The answer must be only the lines below from the one holding "5月22日上午,天津泰达水业" down to the one holding "Beautifully presented Iconic", ends included, printed exactly; please omit all pictures.

Extracted information:
*** Block opens ***
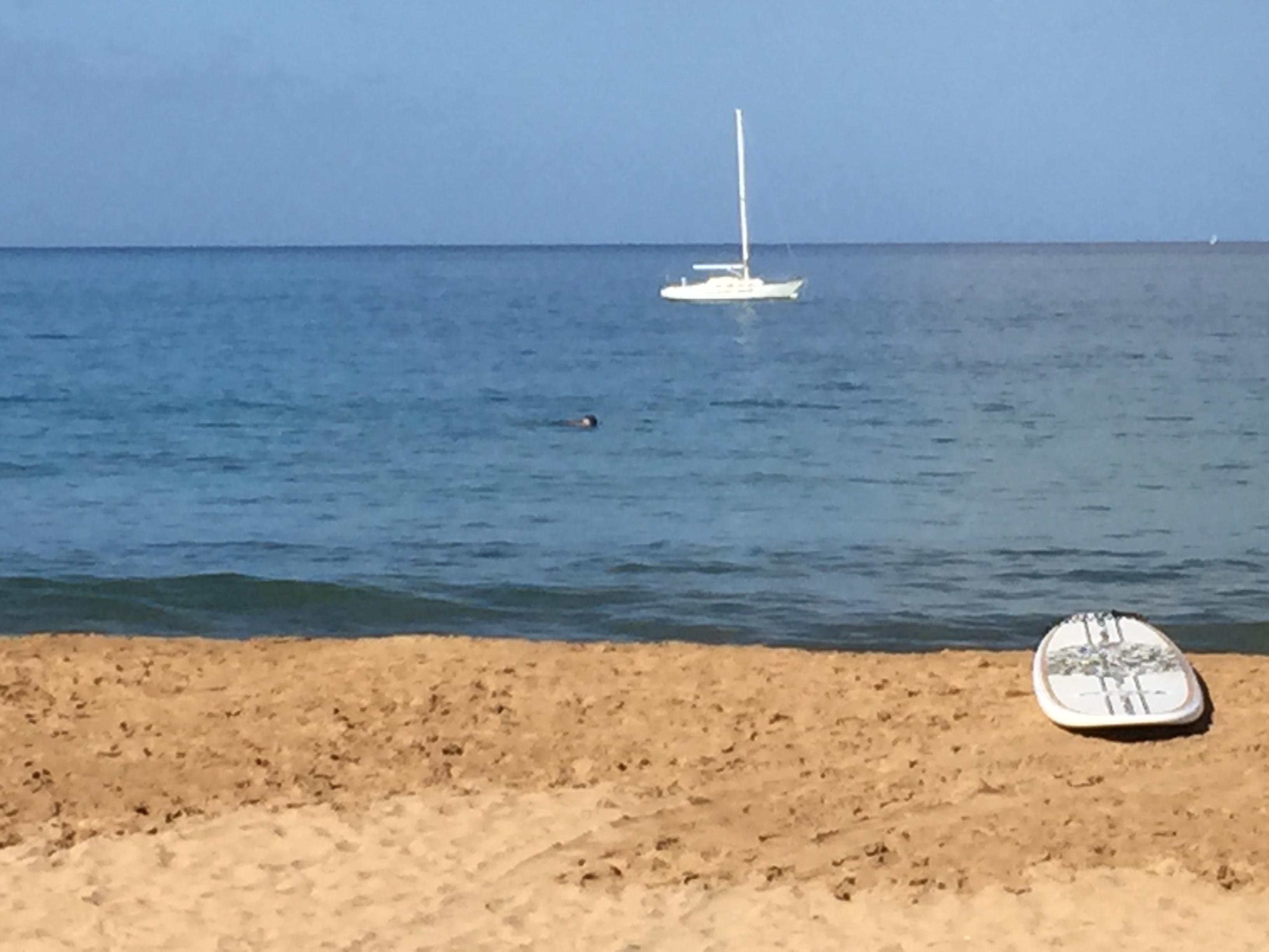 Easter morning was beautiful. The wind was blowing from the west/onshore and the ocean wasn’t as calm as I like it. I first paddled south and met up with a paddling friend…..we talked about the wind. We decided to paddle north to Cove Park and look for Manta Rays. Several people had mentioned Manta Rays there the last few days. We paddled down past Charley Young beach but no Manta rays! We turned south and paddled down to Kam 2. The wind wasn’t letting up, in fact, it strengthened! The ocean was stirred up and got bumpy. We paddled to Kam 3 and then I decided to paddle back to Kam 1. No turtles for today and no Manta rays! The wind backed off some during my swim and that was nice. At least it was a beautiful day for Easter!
*** Block closes ***
*** Block opens ***
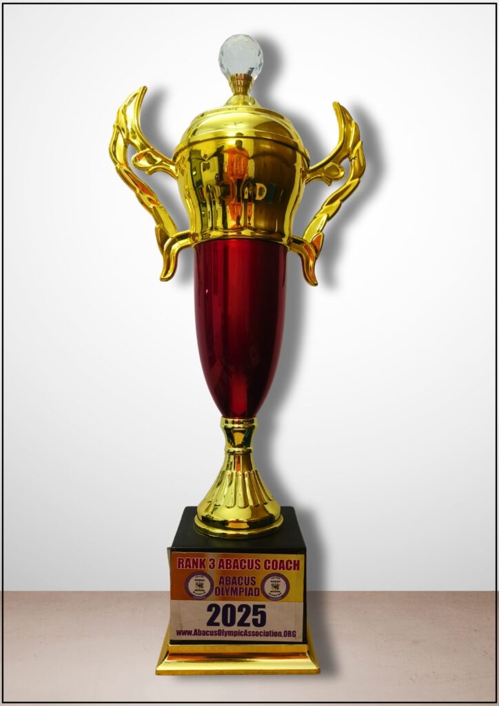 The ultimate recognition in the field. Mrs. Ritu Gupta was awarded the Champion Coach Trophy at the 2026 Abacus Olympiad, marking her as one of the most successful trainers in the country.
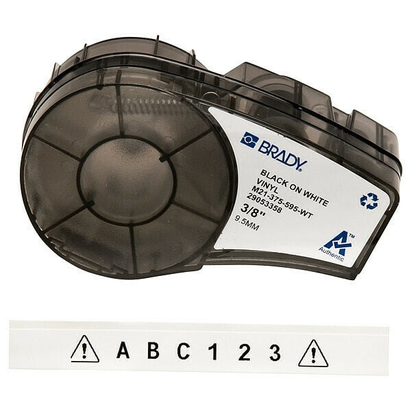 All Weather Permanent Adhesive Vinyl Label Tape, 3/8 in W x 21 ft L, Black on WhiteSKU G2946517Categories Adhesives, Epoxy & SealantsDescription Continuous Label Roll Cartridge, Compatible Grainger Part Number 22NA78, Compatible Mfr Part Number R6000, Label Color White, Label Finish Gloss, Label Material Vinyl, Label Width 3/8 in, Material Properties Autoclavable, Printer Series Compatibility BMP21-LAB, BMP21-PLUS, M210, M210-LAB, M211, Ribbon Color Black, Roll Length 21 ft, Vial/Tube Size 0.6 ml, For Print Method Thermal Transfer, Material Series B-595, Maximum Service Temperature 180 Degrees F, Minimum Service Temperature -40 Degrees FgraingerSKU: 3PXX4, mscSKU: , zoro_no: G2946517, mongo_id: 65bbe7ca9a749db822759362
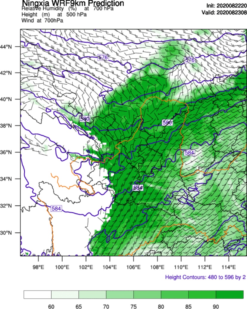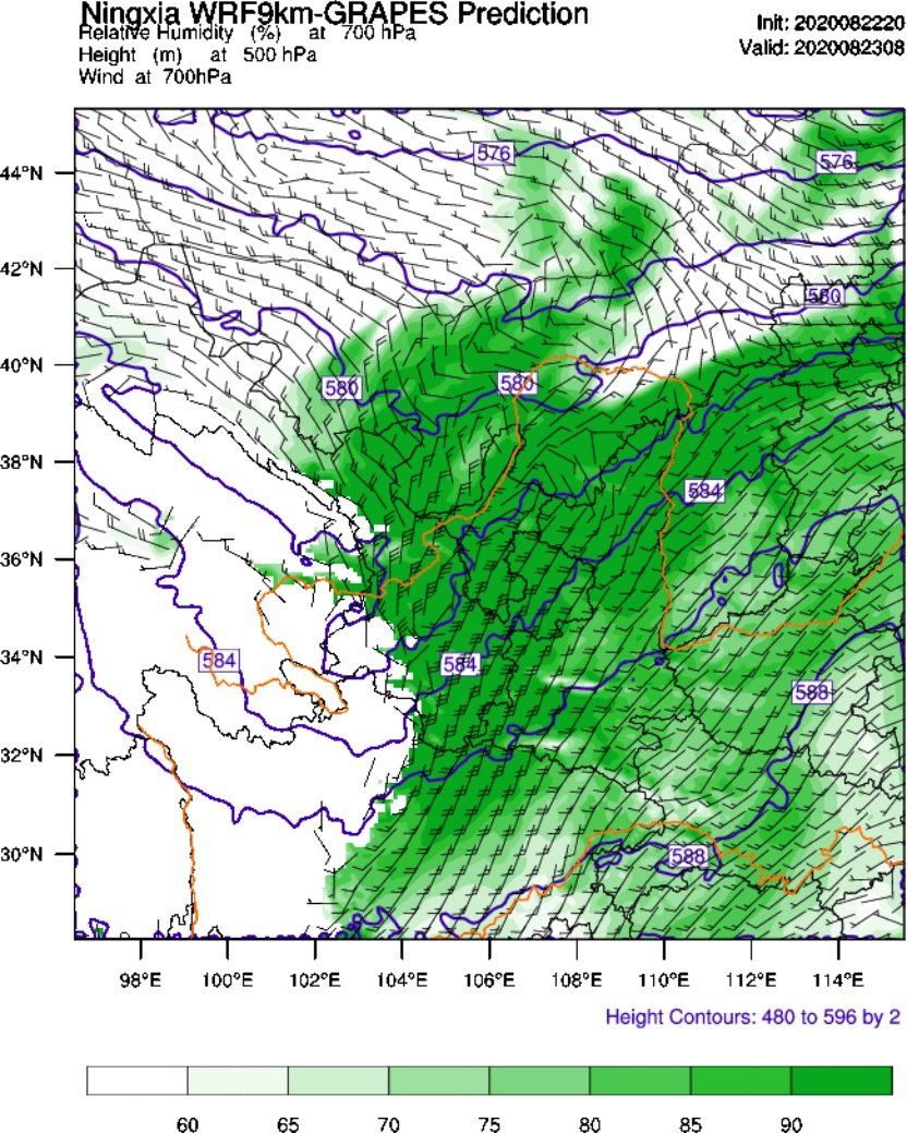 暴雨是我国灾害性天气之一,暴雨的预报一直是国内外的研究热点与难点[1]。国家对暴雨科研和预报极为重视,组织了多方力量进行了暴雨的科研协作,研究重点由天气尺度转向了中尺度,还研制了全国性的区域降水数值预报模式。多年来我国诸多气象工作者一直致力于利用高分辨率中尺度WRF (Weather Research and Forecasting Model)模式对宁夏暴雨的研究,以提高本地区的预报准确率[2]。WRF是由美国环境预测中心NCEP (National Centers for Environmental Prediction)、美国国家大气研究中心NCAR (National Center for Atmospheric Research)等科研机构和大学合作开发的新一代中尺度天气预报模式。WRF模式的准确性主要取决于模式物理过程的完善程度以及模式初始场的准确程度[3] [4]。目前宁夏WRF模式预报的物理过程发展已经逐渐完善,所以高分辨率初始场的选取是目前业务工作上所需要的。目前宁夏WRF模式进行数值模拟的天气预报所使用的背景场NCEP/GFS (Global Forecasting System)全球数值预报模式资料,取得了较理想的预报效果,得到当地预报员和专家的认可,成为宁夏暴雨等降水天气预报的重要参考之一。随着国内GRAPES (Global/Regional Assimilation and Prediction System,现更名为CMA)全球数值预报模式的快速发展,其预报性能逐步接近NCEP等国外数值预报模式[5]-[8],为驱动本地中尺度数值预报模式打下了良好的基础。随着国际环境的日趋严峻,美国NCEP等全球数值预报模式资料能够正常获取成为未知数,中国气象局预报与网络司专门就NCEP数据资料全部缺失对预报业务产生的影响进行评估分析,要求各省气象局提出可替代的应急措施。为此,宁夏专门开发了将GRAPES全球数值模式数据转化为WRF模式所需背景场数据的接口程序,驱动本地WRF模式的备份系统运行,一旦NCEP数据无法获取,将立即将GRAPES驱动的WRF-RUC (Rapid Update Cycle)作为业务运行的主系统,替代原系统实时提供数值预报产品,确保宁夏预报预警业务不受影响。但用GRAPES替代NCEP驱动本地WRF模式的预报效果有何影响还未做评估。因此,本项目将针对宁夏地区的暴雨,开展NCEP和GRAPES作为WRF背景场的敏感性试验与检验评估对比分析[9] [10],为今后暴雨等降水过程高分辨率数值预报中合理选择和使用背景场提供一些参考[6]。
*** Block closes ***
*** Block opens ***
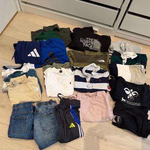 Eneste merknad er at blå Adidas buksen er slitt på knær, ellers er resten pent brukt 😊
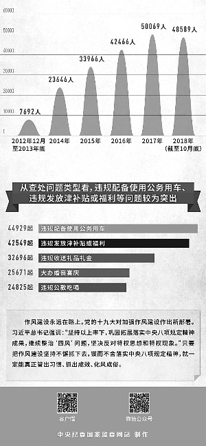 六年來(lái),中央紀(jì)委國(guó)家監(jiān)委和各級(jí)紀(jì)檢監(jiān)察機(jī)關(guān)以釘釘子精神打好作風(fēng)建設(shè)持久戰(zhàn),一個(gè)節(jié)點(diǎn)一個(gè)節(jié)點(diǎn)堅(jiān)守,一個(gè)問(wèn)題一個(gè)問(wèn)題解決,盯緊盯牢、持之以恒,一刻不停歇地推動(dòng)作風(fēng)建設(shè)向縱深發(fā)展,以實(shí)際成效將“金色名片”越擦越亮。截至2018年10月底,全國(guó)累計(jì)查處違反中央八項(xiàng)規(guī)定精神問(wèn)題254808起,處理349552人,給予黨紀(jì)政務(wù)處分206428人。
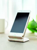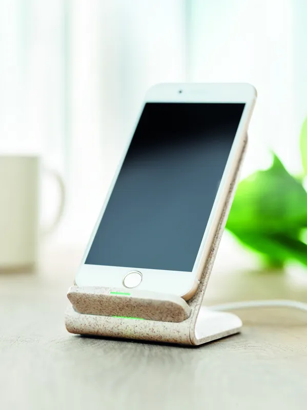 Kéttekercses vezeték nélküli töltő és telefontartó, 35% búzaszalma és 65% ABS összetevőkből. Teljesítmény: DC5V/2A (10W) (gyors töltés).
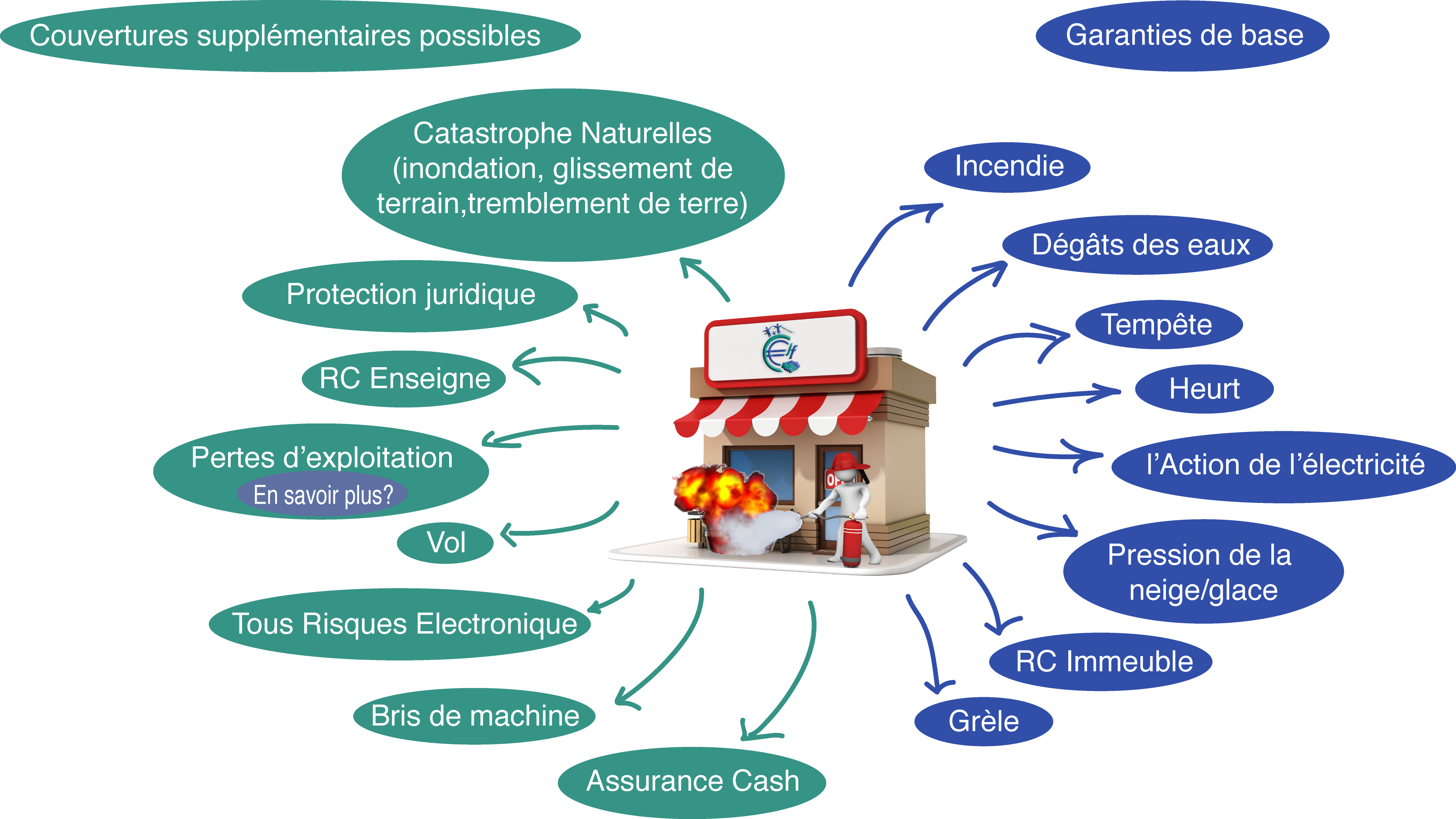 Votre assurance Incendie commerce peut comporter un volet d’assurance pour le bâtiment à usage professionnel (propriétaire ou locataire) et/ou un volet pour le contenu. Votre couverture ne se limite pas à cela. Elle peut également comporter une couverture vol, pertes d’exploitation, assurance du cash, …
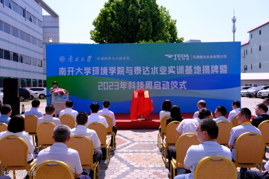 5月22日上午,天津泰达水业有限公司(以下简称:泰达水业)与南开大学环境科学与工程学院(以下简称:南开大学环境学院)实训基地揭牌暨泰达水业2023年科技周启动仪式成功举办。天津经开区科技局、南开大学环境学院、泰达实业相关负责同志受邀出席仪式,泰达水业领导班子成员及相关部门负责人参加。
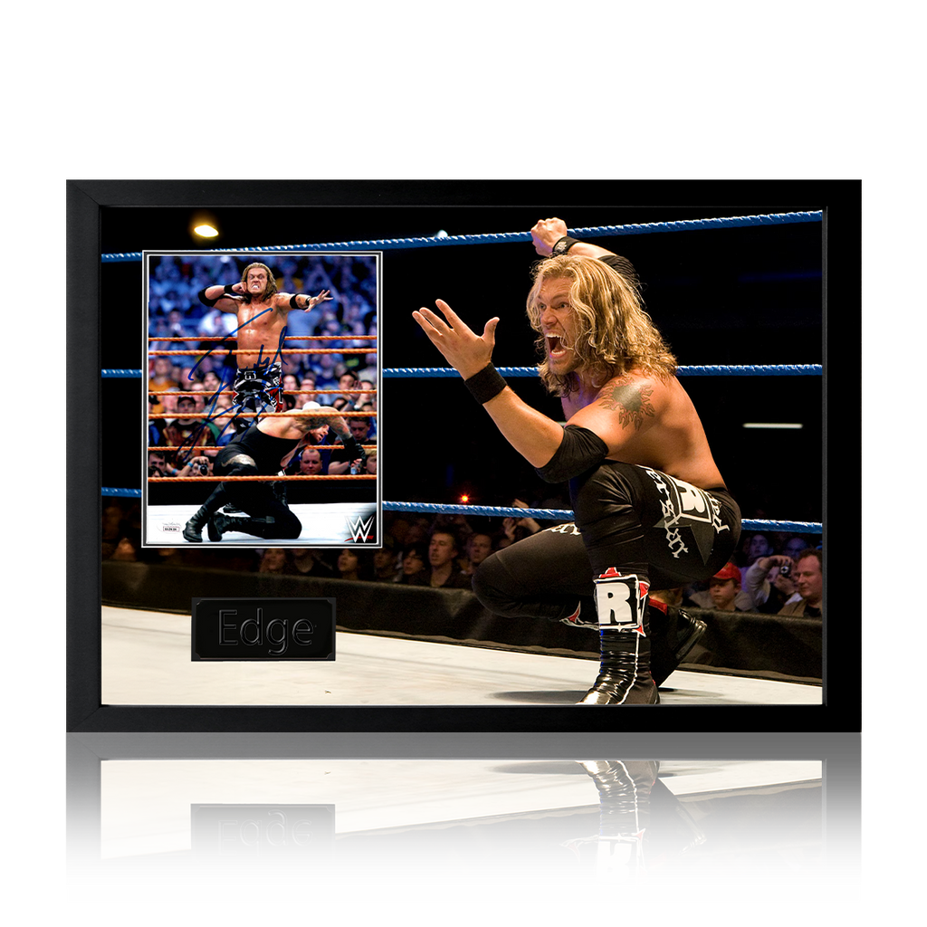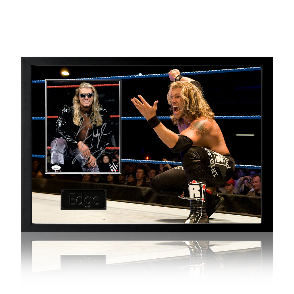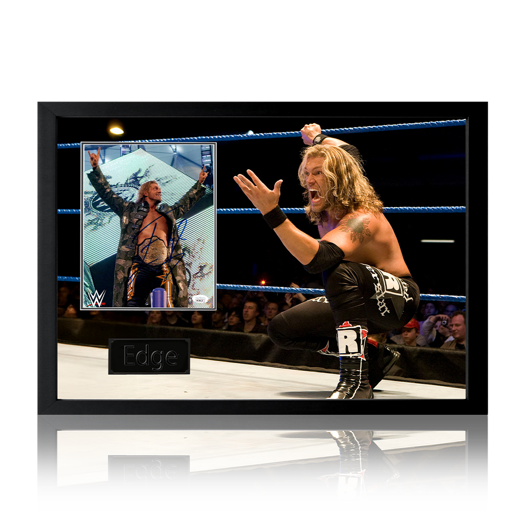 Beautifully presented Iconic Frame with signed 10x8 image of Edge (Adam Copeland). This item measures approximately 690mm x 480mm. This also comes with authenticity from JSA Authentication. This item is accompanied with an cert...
*** Block closes ***
Answer to this exercise:
 5月22日上午,天津泰达水业有限公司(以下简称:泰达水业)与南开大学环境科学与工程学院(以下简称:南开大学环境学院)实训基地揭牌暨泰达水业2023年科技周启动仪式成功举办。天津经开区科技局、南开大学环境学院、泰达实业相关负责同志受邀出席仪式,泰达水业领导班子成员及相关部门负责人参加。
 Beautifully presented Iconic Frame with signed 10x8 image of Edge (Adam Copeland). This item measures approximately 690mm x 480mm. This also comes with authenticity from JSA Authentication. This item is accompanied with an cert...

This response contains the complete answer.